Ever notice how most people in a gym aren’t really working out? Some are strolling on the treadmill reading a book. Others are chatting with their buddies while waiting to do another set - and hogging the machine of course. And how is it that most people in the gym look like they don’t work out or look the same no matter how long they’ve been going to the gym? There must be a better way. Here’s a start…
Walk in the door (the hardest part). No matter how tired you are, make two or three days a week mandatory in the gym. When you go doesn't matter - just do it before you get home in the evening. You need to start with a commitment. And a first step.
Warm up. Five to ten minutes on the elliptical if you can.
Do less. Forget about three sets (unless you really are a professional athlete). One set of ten to twenty or so is enough. There does need to be enough weight to tire the muscle without straining. For most of us less really is more. If a workout is not as tedious, it'll be easier to do on a regular basis. The concept in fitness circles is called supersets - and they really are. If you want to progress faster, rotate among a few exercises for that extra super set.
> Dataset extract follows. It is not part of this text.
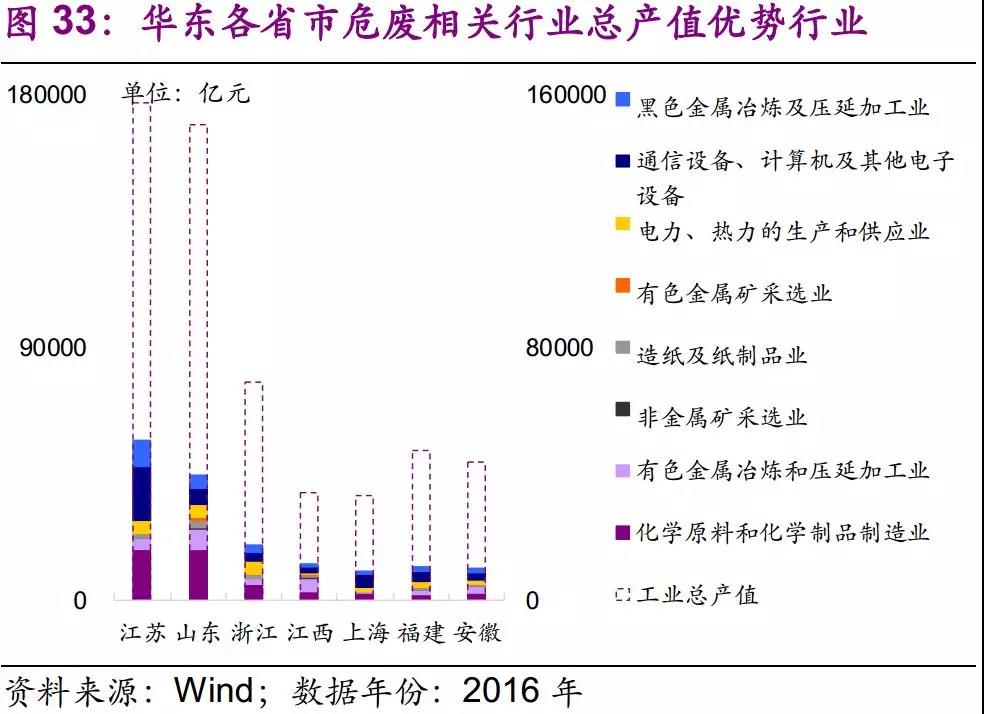 因此,我們建議關(guān)注華東地區(qū)化學(xué)原料和化學(xué)制品制造業(yè)、通信設(shè)備、計算機(jī)及其他電子設(shè)備制造業(yè)所產(chǎn)生的危廢,如蒸餾(精餾)殘渣、含銅廢液等。

Limit yourself to six to nine machines and twenty to thirty minutes. DON'T rest between machines. Use machines rather than free weights, especially when getting started. They're designed to keep you in proper form.
Rotate among upper body, core (mid-section) and legs.
Work major muscle groups. Curls are not needed. Arms are worked indirectly by chest, back or shoulder exercises. The more slowly that you move the weight, the better. If you rush, inertia takes over and you're not working the muscle over its full range. Even slower on the negative.
Hop on the elliptical for 10 to 20 minutes and optionally switch to the treadmill for another 5 to 20. Go fast enough to sweat. No reading is allowed (it slows you down). Once you've settled into a routine, intersperse with 1 or 2 minute intense segments (interval training), where you push your heart rate an extra 10 or 20 BPM. Cool down for a few minutes. Stretch at the end of your workout. If you're up for more cardio, go for it but build up slowly.
Reward yourself with a few minutes in the pool, steam room or sauna.
While at home, it is important to eat a nutritionally sound diet. Eat more veggies and fruit and fewer dense foods, especially those that are high in fat. Skip the protein bars or drinks. Protein deficiency is rare in the US. Only professional athletes and some senior citizens regularly need supplemental protein.
On days you skip the gym, do something else. Even if it's just a 10 minute walk (or two). Use the stairs instead of the elevator.